Galatasaray, zayıf Gençlerbirliği'ni farklı yendi... Bunu daha önce de yazmıştım... Gençlerbirliği bu sezon ligin açık ara en zayıf takımı ve bu kadroyu ligde bırakabilmek çok büyük bir başarı olacaktır ki böyle bir ihtimali çok zayıf görüyorum. Maalesef İlhan Cavcav'ın onlarca yıldır ligde tuttuğu takımı onun vefatından bir sezon sonra onun adının verildiği sezonda küme düşürmeyi başaracaklar. Tabi bu bir süreçti, son 3-4 yıldır her geçen dönem kadro daha da zayıflatıldı ve bu takım TFF 1. Lig'de bile ilk 8'e zor girebilecek bir kadroya sahip. Maçta 43. dakikada Serdar Özkan sakatlanıp çıkınca yaratıcılığı olan hiç futbolcuları kalmadı ki Serdar'ın da yaratıcılığı canı isteyince zaten. Yaratıcıları yok, oyun kurucuları yok, savunma önü pozisyon tutacak ön liberoları yok, pas oyunu olarak çok yetersizler ve yabancı futbolcularının da çoğunluğu çok kalitesiz. Böyle bir maçta Galatasaray'ın rakibi karşısında farklı bir galibiyet alması sürpriz değildi. Ölçü de değil ama Galatasaray böyle maçları kolay alırken; Beşiktaş, Başakşehir ve Fenerbahçe gibi zirvedeki rakipleri henüz alamıyor. Bu önemli.
Galatasaray bu rakiplerinden daha önce takım oldu. Üstelik daha geç ve hızlı kuruldu ama daha erken takım oldu. (Transferde lider karakterli futbolcular alınması) Beşiktaş iyi takım değil mi? En kaliteli takım ama 3 günde bir maça çıkabilecek seviyede derin bir takım olamadılar henüz. Negredo, Lens, Medel gibi çok pahalı rotasyon oyuncuları takıma adapte olamadığı için ya bunlar oynadığında uyumsuzluk yaşanıyor ya da oynamadığında yorgun futbolcular bu dominasyonu sağlayamıyor. Başakşehir de aynı. Galatasaray ise her hafta dinlenmiş oyuncularıyla çıkıp alıyor. 3 günde bir Galatasaray'ın da maçı olsa Galatasaray da aynı şeyi yaşardı diye tahmin ediyorum çünkü yedek kulübesi zayıf. Fenerbahçe ise haftada bir de oynasa kötü kadro kurdu. Burada Galatasaray'da senelerdir oturan scout ekibinin teknik direktörden bağımsız üretkenlik içinde olması Fenerbahçe'de ise olmayan (olsa da ciddiye alınmayan) scout ekibinin üretmemesi rol oynadı bence. Çünkü hoca gelir "Şu tip oyuncu istiyorum" der. O tipe uygun hocaya oyuncular sunarsınız.
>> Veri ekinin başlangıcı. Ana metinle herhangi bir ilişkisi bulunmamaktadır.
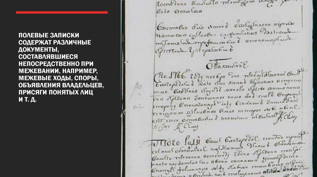 например, межевые ходы, споры, объявления владельцев, присяги понятых лиц) и прочие.
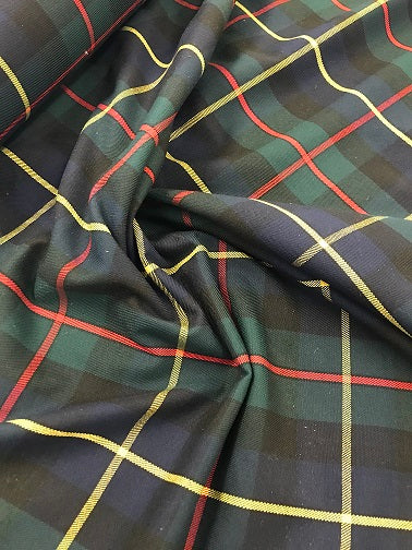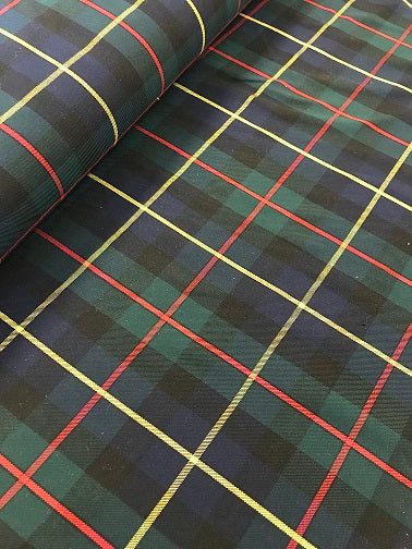 Poly viscose Tartan fabric is a fabric made from a blend of polyester and viscose, making it a durable and versatile fabric. The blend not only makes the fabric strong, but also resistant to creases and drapes well, making it perfect for clothing and interior furnishings, such as kilts, trousers, skirts, curtains, cushions and tablecloths.
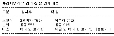 전반을 각 2오버파(김시우), 3오버파(덕 김)로 마친 두 선수의 명암은 후반에 갈렸다. 특히 지난해 US아마추어골프챔피언십에서 2위를 한 덕 김의 뒷심이 돋보였다.
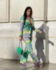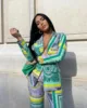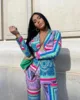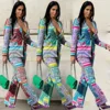 Conjunto de Chaqueta de manga larga y pantalones de tubo para mujer, traje informal de dos piezas con botones, estampado colorido, otoño
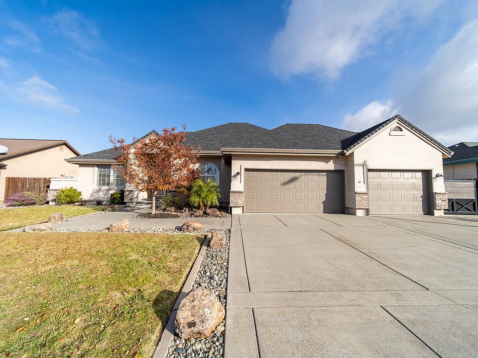 Outside, the property backs up to a city-owned greenbelt, offering added privacy and tranquil, unobstructed mountain views from your backyard. The oversized 3-car garage provides plenty of storage and workspace, catering to all your needs. The River Park Highlands subdivision is known for its scenic surroundings and convenient access to Redding's best shopping, dining, and recreation. Don't miss out on this rare find that combines elegance, practicality, and an unbeatable location!
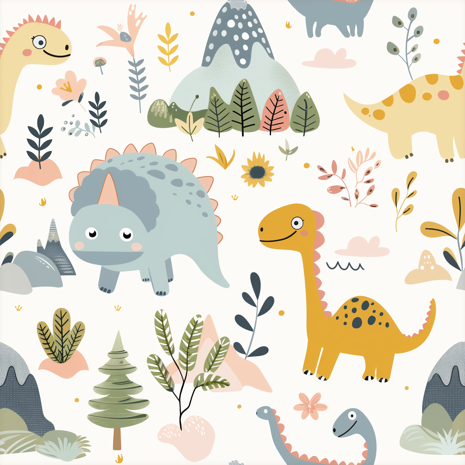 Whimsical cartoon dinosaurs in pastel colors with playful expressions, surrounded by stylized plants and mountains.
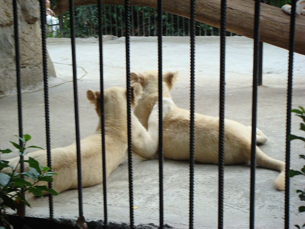 Слишком яркий солнечный свет был. Но те львята точно белые, даже на клетке было написано.
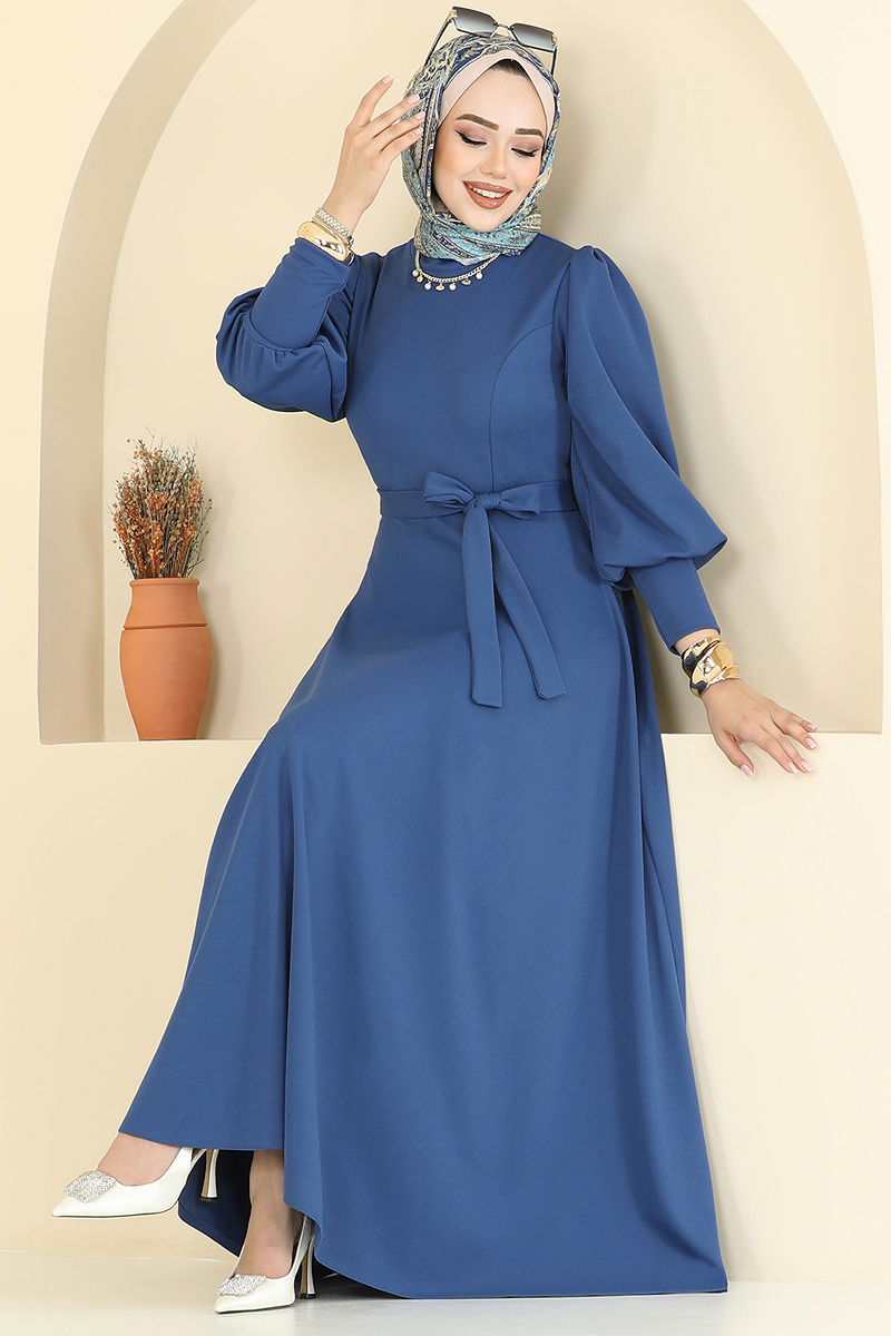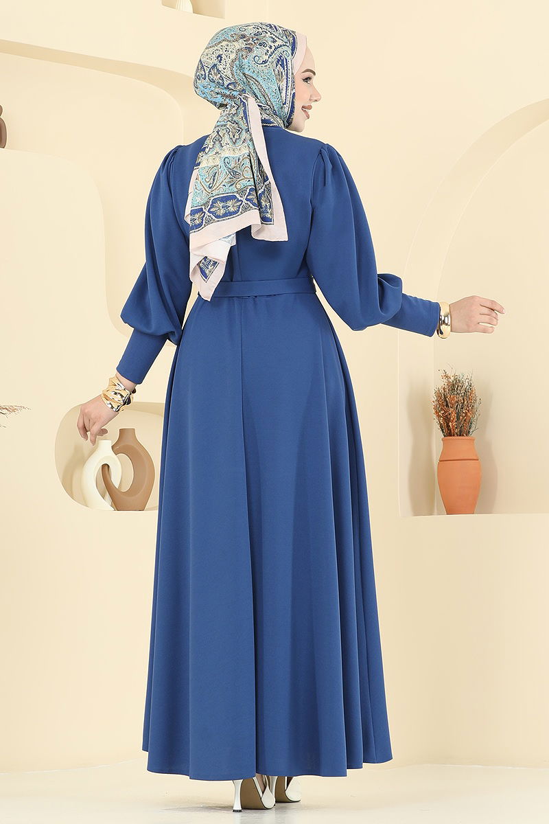 المنتج لديه ياقة بيضوية. غير مبطنة. المنتج به سحاب في جزء من الخلف. المنتج يحتوي على حزام خصر مُخاط. الحزام متضمن، ،يمكن استخدامها حسب الرغبة قد يكون هناك اختلاف في الدرجة اللونية في المنتج بسبب التقاط الصور الفوتوغرافية.
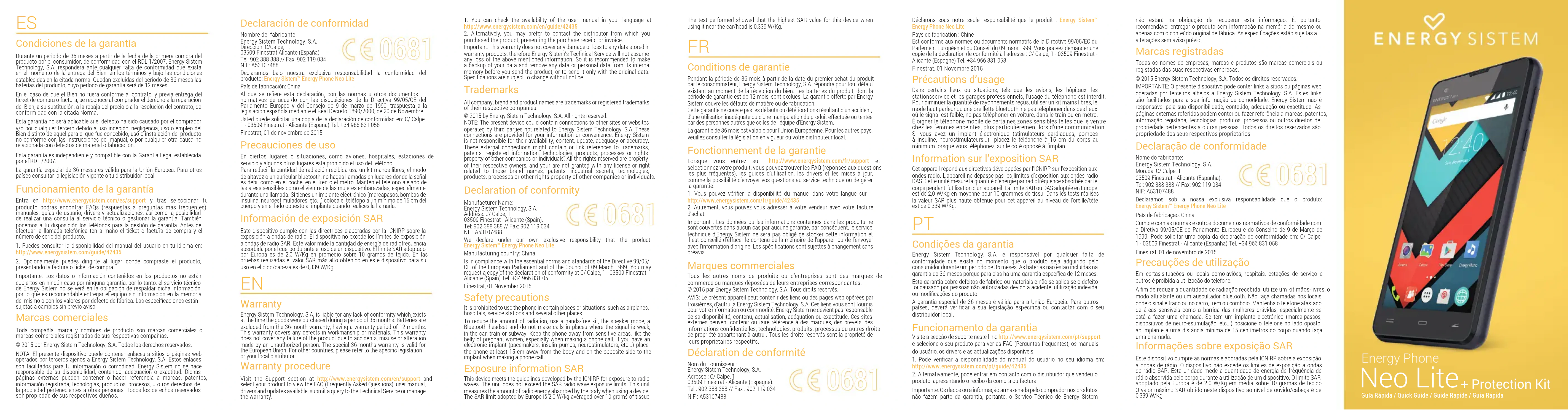 1. You can check the availability of the user manual in your language at http://www.energysistem.com/en/guide/424352. Alternatively, you may prefer to contact the distributor from which you purchased the product, presenting the purchase receipt or invoice.Important: This warranty does not cover any damage or loss to any data stored in warranty products, therefore Energy Sistem’s Technical Service will not assume any loss of the above mentioned information. So it is recommended to make a backup of your data and remove any data or personal data from its internal memory before you send the product, or to send it only with the original data. Specications are subject to change without notice.Safety precautionsIt is prohibited to use the phone in certain places or situations, such as airplanes, hospitals, service stations and several other places.To reduce the amount of radiation, use a hands-free kit, the speaker mode, a Bluetooth headset and do not make calls in places where the signal is weak, in the car, train or subway. Keep the phone away from sensitive areas, like the belly of pregnant women, especially when making a phone call. If you have an electronic implant (pacemakers, insulin pumps, neurostimulators, etc...) place the phone at least 15 cm away from the body and on the opposite side to the implant when making a phone call.Exposure information SARThis device meets the guidelines developed by the ICNIRP for exposure to radio waves. The unit does not exceed the SAR radio wave exposure limits. This unit measures the amount of radio energy absorbed by the body when using a device. The SAR limit adopted by Europe is 2,0 W/kg averaged over 10 grams of tissue. The test performed showed that the highest SAR value for this device when using it near the ear/head is 0,339 W/Kg.Conditions de garantiePendant la période de 36 mois à partir de la date du premier achat du produit par le consommateur, Energy Sistem Technology, S.A. répondra pour tout défaut existant au moment de la réception du bien. Les batteries du produit, dont la période de garantie est de 12 mois, sont exclues. La garantie offerte par Energy Sistem couvre les défauts de matière ou de fabrication.Cette garantie ne couvre pas les défauts ou détériorations résultant d’un accident, d’une utilisation inadéquate ou d’une manipulation du produit effectuée ou tentée par des personnes autres que celles de l’équipe d’Energy Sistem.La garantie de 36 mois est valable pour l’Union Européenne. Pour les autres pays, veuillez consulter la législation en vigueur ou votre distributeur local.Fonctionnement de la garantieLorsque vous entrez sur http://www.energysistem.com/fr/support sélectionnez votre produit, vous pouvez trouver les FAQ (réponses aux questions les plus fréquentes), les guides d’utilisation, les drivers et les mises à jour, comme la possibilité d’envoyer vos questions au service technique ou de gérer la garantie.1. Vous pouvez vérier la disponibilité du manuel dans votre langue sur http://www.energysistem.com/fr/guide/424352. Autrement, vous pouvez vous adresser à votre vendeur avec votre facture d’achat.Important : Les données ou les informations contenues dans les produits ne sont couvertes dans aucun cas par aucune garantie, par conséquent, le service technique d’Energy Sistem ne sera pas obligé de stocker cette information et il est conseillé d’effacer le contenu de la mémoire de l’appareil ou de l’envoyer avec l’information d’origine. Les spécications sont sujettes à changement sans préavis.Marques commercialesTous les autres noms de produits ou d’entreprises sont des marques de commerce ou marques déposées de leurs entreprises correspondantes.© 2015 par Energy Sistem Technology, S.A. Tous droits réservés.AVIS: Le présent appareil peut contenir des liens ou des pages web opérées par troisièmes, d’autrui à Energy Sistem Technology, S.A. Ces liens vous sont fournis pour votre information ou commodité; Energy Sistem ne devient pas responsable de sa disponibilité, contenu, actualisation, adéquation ou exactitude. Ces sites externes peuvent contenir ou faire référence à des marques, des brevets, des informations condentielles, technologies, produits, processus ou autres droits de propriété appartenant à autrui. Tous les droits réservés sont la propriété de leurs propriétaires respectifs.Déclaration de conformitéNom du Fournisseur : Energy Sistem Technology, S.A. Adresse : C/ Calpe, 1 03509 Finestrat - Alicante (Espagne). Tel : 902 388 388 // Fax : 902 119 034 NIF : A53107488Déclarons sous notre seule responsabilité que le produit : Energy Sistem™ Energy Phone Neo LitePays de fabrication : ChineEst conforme aux normes ou documents normatifs de la Directive 99/05/EC du Parlement Européen et du Conseil du 09 mars 1999. Vous pouvez demander une copie de la declaration de conformité à l’adresse : C/ Calpe, 1 - 03509 Finestrat - Alicante (Espagne) Tel. +34 966 831 058Finestrat, 01 Novembre 2015Précautions d’usageDans certains lieux ou situations, tels que les avions, les hôpitaux, les stationsservice et les garages professionnels, l’usage du téléphone est interdit.Pour diminuer la quantité de rayonnements reçus, utiliser un kit mains libres, le mode haut parleur ou une oreillette bluetooth, ne pas téléphoner dans des lieux où le signal est faible, ne pas téléphoner en voiture, dans le train ou en métro. Éloigner le téléphone mobile de certaines zones sensibles telles que le ventre chez les femmes enceintes, plus particulièrement lors d’une communication. Si vous avez un implant électronique (stimulateurs cardiaques, pompes à insuline, neurostimulateurs...) placez le téléphone à 15 cm du corps au minimum lorsque vous téléphonez, sur le côté opposé à l’implant. Information sur l’exposition SARCet appareil répond aux directives développées par l’ICNIRP sur l’exposition aux ondes radio. L’a
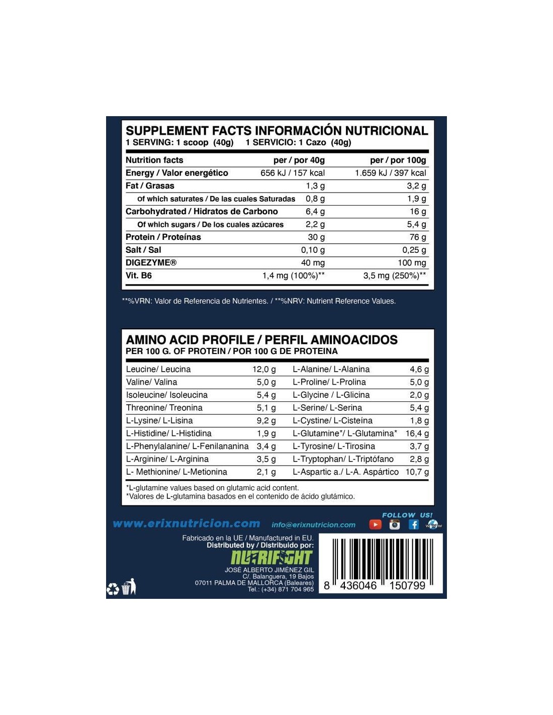 En la WHEY PLUS ULTIMATE de ERIX NUTRICIÓN los valores de la proteína que usamos son:

Ne kadar kaliteli ve çeşitli opsiyon sunarsan transferde başarı şansın o kadar artıyor. Bu konuda uzun uzun yazacaklarım var ama bu başka bir yazı konusu... Maça geçelim. Şimdi Tudor 3-4-1-2 sistemini çıkardı. Öncelikle üçlü savunma tercihinde bence geç bile kaldı. Neden derseniz Linnes 11 için yetersiz, Latovlevici de hazır değil. Garry de sol çizgide enerjik bir oyuncu iken, Mariano da o kanat/bek görevini çok iyi yapıyorken 3'lü savunma - 4'lü ortasaha sistemleri şimdiye kadar çoktan oturtulmalıydı. Şimdi Galatasaray 7. haftadaki Karabükspor maçına kadar ilk 6 hafta 4-3-2-1 oynamış bir takım. Bir Antalya deplasmanında 4-1-4-1 gibi oynadı ama onun dışında ilk 6 hafta düzen belliydi. 4'lünün önünde sağdan sola Ndiaye - Fernando - Tolga üçlüsü. Onların önünde Garry - Belhanda ikilisi ve en uç da Gomis. Bu düzende Tolga kilit oyunculardan biriydi. Şimdi o günlere dönüp neden kilitti diye anlatmak istemiyorum çünkü zamanında uzun uzun yazmıştık. Efendim set oyununda ceza alanında 2. forvet oluyor, geride top rakipteyken Fernando'nun soluna geçiyor...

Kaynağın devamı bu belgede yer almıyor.